The next day, the union president indicated to the staff that there would be a meeting to discuss a ratification vote on this new collective agreement. On Friday of that week--this is one week now after the death of the president--a new collective agreement was signed on behalf of the centre by Marie-France Cloutier, Anne-Marie Lavoie, and France-Isabelle Langlois, who are directors and deputy directors at Rights and Democracy.
The following Monday, the president of the union sent an e-mail to the staff indicating that the contract had been signed, and the next day there was a ratification vote in which the new contract was overwhelmingly approved.

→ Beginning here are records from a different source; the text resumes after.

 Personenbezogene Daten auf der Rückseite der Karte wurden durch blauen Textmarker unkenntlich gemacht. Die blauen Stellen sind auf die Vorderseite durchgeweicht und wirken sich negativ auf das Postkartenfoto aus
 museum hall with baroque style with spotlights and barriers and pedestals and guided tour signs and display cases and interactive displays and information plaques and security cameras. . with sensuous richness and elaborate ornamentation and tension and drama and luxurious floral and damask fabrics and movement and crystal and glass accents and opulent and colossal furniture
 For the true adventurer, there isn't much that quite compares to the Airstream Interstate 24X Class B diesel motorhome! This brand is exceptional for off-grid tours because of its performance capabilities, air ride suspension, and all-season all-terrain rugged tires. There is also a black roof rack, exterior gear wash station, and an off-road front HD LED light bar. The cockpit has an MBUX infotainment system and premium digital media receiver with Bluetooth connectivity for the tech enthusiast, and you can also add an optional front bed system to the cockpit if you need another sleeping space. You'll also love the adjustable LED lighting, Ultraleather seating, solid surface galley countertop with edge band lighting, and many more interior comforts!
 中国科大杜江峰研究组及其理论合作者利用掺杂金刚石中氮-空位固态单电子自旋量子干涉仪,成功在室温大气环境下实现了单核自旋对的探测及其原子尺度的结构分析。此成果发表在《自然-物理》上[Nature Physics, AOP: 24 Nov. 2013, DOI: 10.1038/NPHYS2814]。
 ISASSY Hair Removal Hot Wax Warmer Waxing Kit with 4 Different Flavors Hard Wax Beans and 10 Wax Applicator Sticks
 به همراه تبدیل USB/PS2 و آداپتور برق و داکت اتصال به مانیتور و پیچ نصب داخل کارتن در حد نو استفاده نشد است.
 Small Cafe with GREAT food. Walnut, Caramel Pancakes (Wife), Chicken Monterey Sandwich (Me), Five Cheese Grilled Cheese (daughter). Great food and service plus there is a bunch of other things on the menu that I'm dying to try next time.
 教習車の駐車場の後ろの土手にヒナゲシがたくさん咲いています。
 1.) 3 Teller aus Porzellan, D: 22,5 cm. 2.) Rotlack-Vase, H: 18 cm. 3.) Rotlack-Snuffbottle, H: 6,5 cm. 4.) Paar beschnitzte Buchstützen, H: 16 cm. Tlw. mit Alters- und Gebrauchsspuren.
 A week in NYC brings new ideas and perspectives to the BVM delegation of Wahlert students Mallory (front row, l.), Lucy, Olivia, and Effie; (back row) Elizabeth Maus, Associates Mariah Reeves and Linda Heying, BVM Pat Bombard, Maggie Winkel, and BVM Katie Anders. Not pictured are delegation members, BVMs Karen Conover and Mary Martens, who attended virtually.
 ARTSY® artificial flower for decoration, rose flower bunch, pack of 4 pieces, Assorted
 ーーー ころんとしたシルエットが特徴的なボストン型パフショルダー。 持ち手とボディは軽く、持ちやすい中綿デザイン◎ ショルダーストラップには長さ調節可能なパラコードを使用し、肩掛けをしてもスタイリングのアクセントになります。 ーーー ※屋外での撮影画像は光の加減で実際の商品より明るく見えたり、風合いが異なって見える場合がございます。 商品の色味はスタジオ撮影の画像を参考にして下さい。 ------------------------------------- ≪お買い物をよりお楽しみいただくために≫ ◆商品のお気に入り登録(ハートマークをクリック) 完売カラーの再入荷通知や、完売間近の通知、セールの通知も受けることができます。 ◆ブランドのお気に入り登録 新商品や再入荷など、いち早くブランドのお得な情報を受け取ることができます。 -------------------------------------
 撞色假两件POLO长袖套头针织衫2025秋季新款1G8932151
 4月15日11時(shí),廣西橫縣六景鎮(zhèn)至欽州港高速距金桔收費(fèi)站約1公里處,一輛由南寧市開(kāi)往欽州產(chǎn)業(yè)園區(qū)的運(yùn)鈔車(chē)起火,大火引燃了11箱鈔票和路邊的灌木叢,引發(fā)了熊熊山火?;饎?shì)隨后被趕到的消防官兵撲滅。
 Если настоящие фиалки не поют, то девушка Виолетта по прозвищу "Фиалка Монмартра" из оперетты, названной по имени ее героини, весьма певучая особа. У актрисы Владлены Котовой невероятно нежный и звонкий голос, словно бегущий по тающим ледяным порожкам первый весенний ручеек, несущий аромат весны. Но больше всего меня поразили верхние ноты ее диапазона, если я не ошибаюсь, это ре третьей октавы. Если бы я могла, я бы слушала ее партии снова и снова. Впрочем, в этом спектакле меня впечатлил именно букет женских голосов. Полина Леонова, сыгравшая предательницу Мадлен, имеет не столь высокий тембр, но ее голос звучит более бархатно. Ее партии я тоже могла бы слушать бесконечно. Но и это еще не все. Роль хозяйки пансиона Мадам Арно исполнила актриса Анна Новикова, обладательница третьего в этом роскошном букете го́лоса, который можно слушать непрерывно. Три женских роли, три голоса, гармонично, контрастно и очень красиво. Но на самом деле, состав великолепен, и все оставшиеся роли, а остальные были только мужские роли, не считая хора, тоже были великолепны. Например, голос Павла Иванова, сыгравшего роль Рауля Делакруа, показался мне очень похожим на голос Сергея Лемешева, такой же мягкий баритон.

Why is this important? This is important because for months and months the board had been told that the employees did not have a contract, there was an outstanding discussion, and that this was a very tough union to deal with. Suddenly, very quickly, they managed to get an agreement at a time when they needed the support of the staff. It's highly unusual.
On Tuesday, January 19--so this is the day of the ratification vote, two hours after the ratification vote--Mr. Braun received an e-mail from the management committee at the centre to inform him that they were respectfully declining his request as chair to reconvene the board meeting in Montreal later that week.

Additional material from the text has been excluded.